In 2023, that means the clocks change on Sunday, Nov. 5, at 2 a.m. That marks the start of standard time — which will actually be 1 a.m. once the adjustment is made.

Daylight saving time will resume on Sunday, March 10, 2024, at 2 a.m., when clocks will be set forward an hour.

In the early 2000s, the switch would have happened this coming weekend. At that time, standard time stetched from the last Sunday in October to the first Sunday in April — a week earlier in the fall and between three and four weeks later in the spring.

That changed with the Energy Policy Act of 2005. A provision in that law authored by U.S. Sen. Edward Markey, D-Mass., then a U.S. Representative, enacted the extension of daylight saving time.

Markey partnered with U.S. Rep. Fred Upton, R-Mich., to write the provision, which amended the Uniform Time Act of 1996 to increase daylight saving time and reduce standard time.

The new dates for clock changes first took place in 2007.

There are many who don’t want the clocks to change at all, though they disagree about whether standard time or daylight saving is better.

U.S. Sen. Marco Rubio reintroduced the Sunshine Protection Act earlier this year on the federal level, which would create a permanent daylight saving time.

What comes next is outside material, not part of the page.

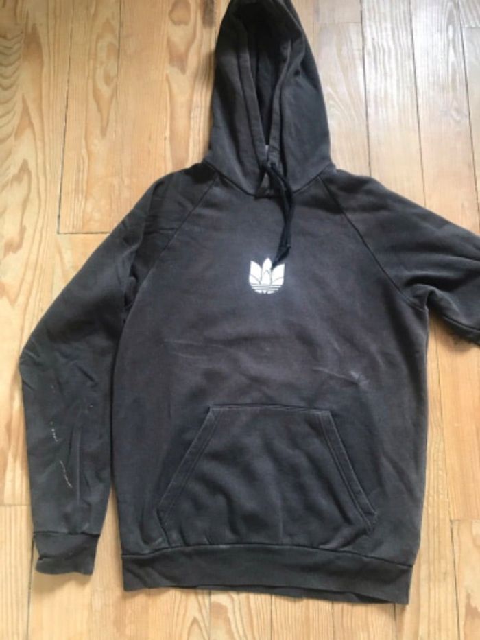 Sweat à capuche Adidas Le noir est un peu délavé Des taches sont apparues sur un bras et sur le derrière de la capuche ( voir photo 2 et 3)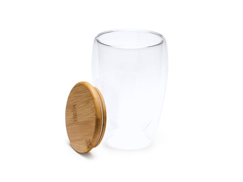 Двустенный стакан из боросиликатного стекла с бамбуковой крышкой. Идеально подходит для подарков для ваших клиентов. Емкость 350 мл.

“This ritual of changing time twice a year is stupid,” Rubio said in a statement on his website. “Locking the clock has overwhelming bipartisan and popular support. This Congress, I hope that we can finally get this done.”

Meanwhile, in Massachusetts, state Rep. Angelo Puppolo Jr. of Springfield has sponsored a state-level bill, that would also end the practice of switching clocks, but it would keep standard time rather than daylight saving time.

The bill, H.3103, has been referred to the Joint Committee on State Administration and Regulatory Oversight.

Both bills face an uphill climb to get passed.

Two states, Hawaii and Arizona, already don’t have to worry about changing the clocks. Both states opted out of using daylight saving time — Hawaii in 1967 and Arizona in 1968 — because they already had plenty of daylight, according to Readers Digest.